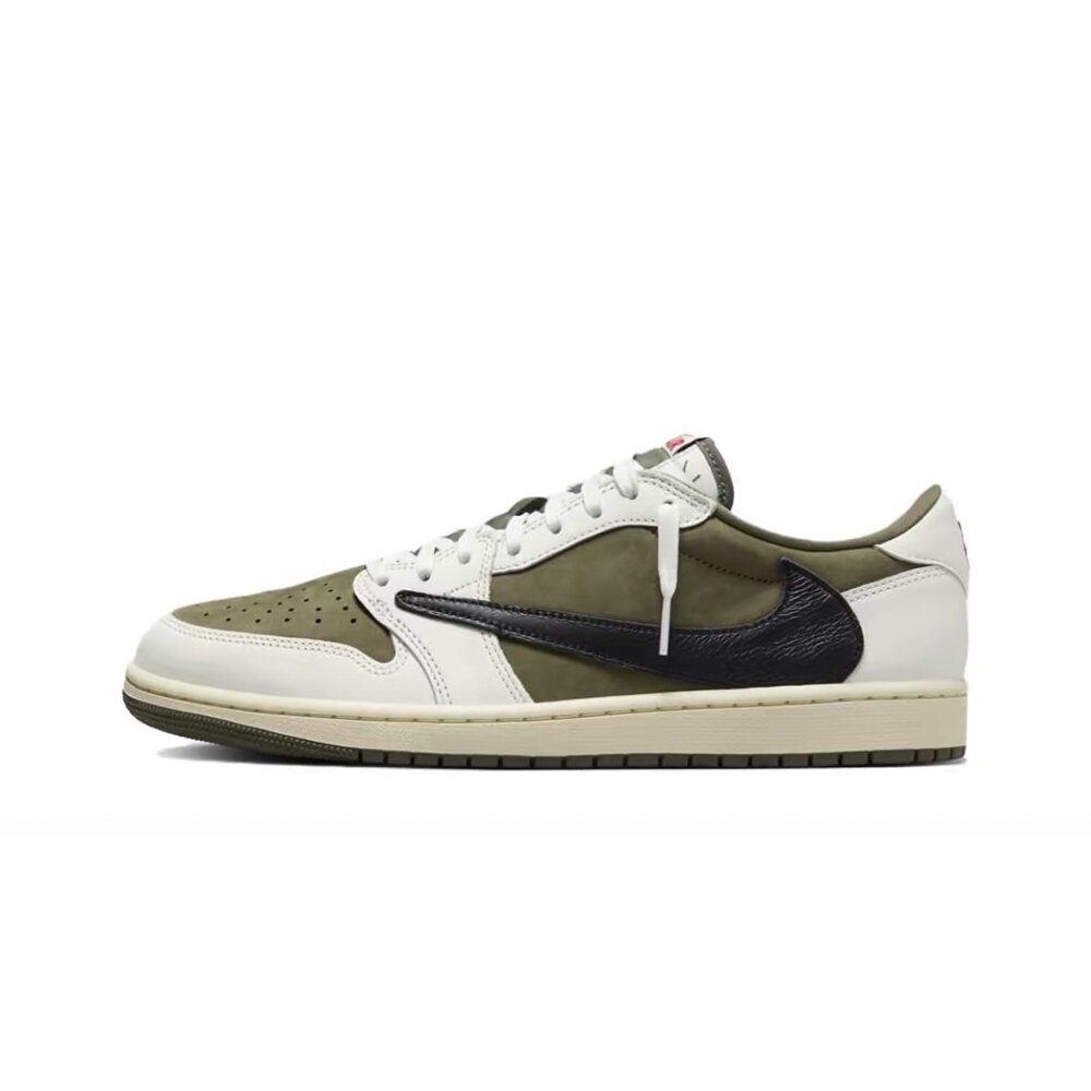 Travis Scott x Air Jordan 1 Low OG SP 'Medium Olive' 採用綠色絨面革底色,前掌和後跟區域飾有粉筆白色皮革覆層。Scott 的黑色翻滾皮革反 Swoosh 標誌裝飾側面,而紅色流行元素則觸及 Nike Air 鞋舌以及背面標籤上的 Wings 和 Cactus Jack 標誌。這款運動鞋採用米白色中底,由堅固的橄欖橡膠外底加固。
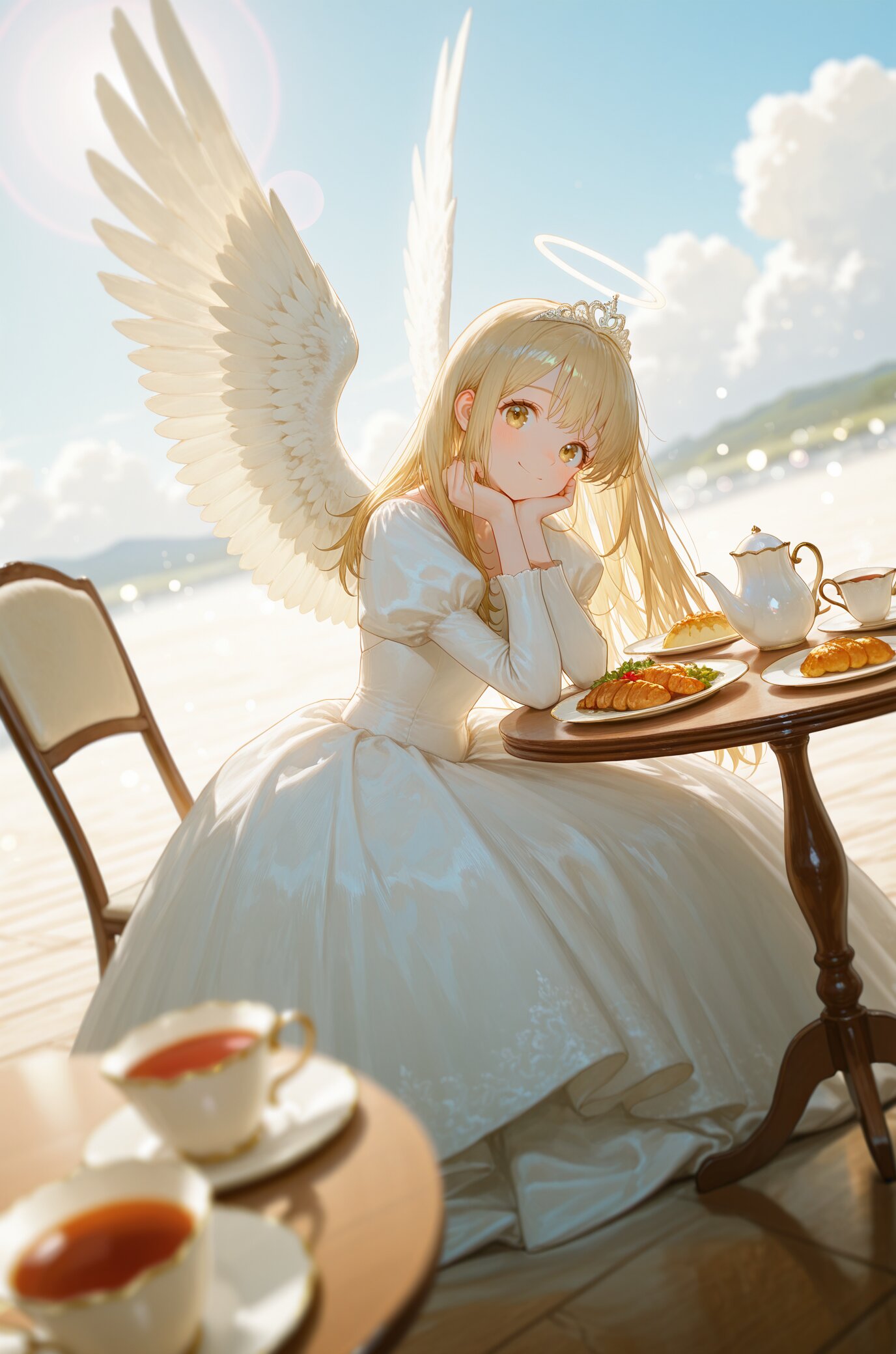 masterpiece, best quality, absurdres, 8k, ultra detailed, aesthetic, very aesthetic, newest, <lora:Fixhands_anime_bdsqlsz_V1:0.5>, <lora:bold-16oa:-0.5>, (realistic:0.3),BREAK (shallow depth of field,Gaussian Blur,manificient views:1.6),lens flare,1girl,solo,(A stunning bride wearing a luxurious white ball gown style wedding dress, princess silhouette,serving tea and plates of food in a heavenly café, fluffy clouds and soft glowing light, kawaii blessing mood, radiant and dreamy celebration with lots of dishes:1.0),(smile,happy,tareme:1.3),sitting chair,across the table,blonde hair, long hair, brown eyes, (white angel wings:1.2),tiara,(looking at viewer,fullbody shot:1.3),closed mouth,(wide angle,wide shot:1.0),<lora:USNR STYLE_XL_loha:0.8>
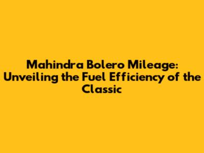 Mahindra Bolero Old Model Mileage: A General Overview

───

▶ [Problem] From the first line to the last, give the data again exactly, but without pictures.

▶ [Solution for this task]
 Travis Scott x Air Jordan 1 Low OG SP 'Medium Olive' 採用綠色絨面革底色,前掌和後跟區域飾有粉筆白色皮革覆層。Scott 的黑色翻滾皮革反 Swoosh 標誌裝飾側面,而紅色流行元素則觸及 Nike Air 鞋舌以及背面標籤上的 Wings 和 Cactus Jack 標誌。這款運動鞋採用米白色中底,由堅固的橄欖橡膠外底加固。
 masterpiece, best quality, absurdres, 8k, ultra detailed, aesthetic, very aesthetic, newest, <lora:Fixhands_anime_bdsqlsz_V1:0.5>, <lora:bold-16oa:-0.5>, (realistic:0.3),BREAK (shallow depth of field,Gaussian Blur,manificient views:1.6),lens flare,1girl,solo,(A stunning bride wearing a luxurious white ball gown style wedding dress, princess silhouette,serving tea and plates of food in a heavenly café, fluffy clouds and soft glowing light, kawaii blessing mood, radiant and dreamy celebration with lots of dishes:1.0),(smile,happy,tareme:1.3),sitting chair,across the table,blonde hair, long hair, brown eyes, (white angel wings:1.2),tiara,(looking at viewer,fullbody shot:1.3),closed mouth,(wide angle,wide shot:1.0),<lora:USNR STYLE_XL_loha:0.8>
 Mahindra Bolero Old Model Mileage: A General Overview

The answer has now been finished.